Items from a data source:
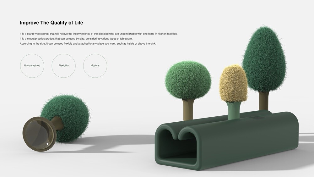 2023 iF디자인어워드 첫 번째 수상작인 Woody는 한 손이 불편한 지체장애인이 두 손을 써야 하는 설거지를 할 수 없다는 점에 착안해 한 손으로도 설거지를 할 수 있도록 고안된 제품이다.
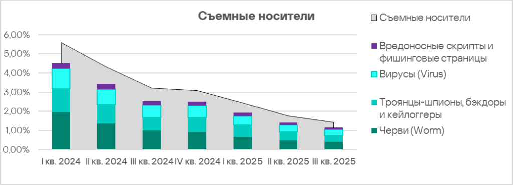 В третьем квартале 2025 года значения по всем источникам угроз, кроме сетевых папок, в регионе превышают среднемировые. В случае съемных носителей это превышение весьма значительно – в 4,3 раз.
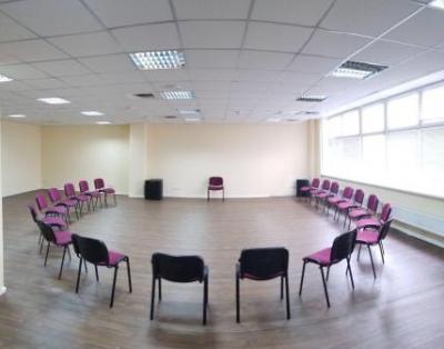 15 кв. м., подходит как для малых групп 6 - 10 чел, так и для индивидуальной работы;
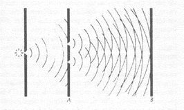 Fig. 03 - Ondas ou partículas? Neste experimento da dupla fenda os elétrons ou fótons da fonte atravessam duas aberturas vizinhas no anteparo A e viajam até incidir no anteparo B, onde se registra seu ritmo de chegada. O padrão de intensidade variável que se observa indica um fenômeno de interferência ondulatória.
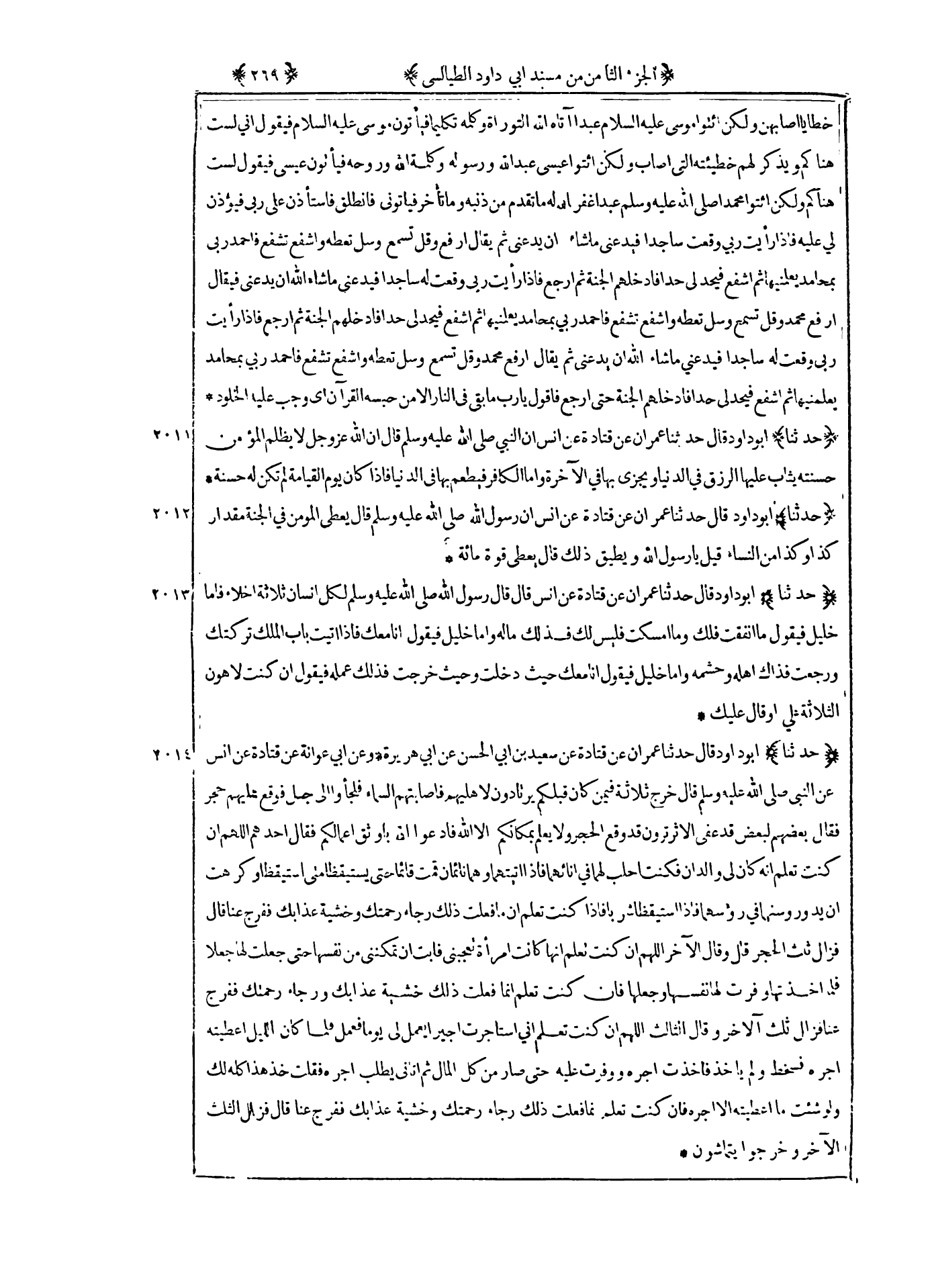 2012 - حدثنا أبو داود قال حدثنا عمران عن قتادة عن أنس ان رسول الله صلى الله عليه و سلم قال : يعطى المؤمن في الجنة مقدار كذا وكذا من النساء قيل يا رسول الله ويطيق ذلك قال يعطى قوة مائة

Exercise aim: Transcribe exactly, please, the lines between the start of the records above and the line holding "В третьем квартале", counting both of those lines and omitting pictures.

Answer to the problem:
 2023 iF디자인어워드 첫 번째 수상작인 Woody는 한 손이 불편한 지체장애인이 두 손을 써야 하는 설거지를 할 수 없다는 점에 착안해 한 손으로도 설거지를 할 수 있도록 고안된 제품이다.
 В третьем квартале 2025 года значения по всем источникам угроз, кроме сетевых папок, в регионе превышают среднемировые. В случае съемных носителей это превышение весьма значительно – в 4,3 раз.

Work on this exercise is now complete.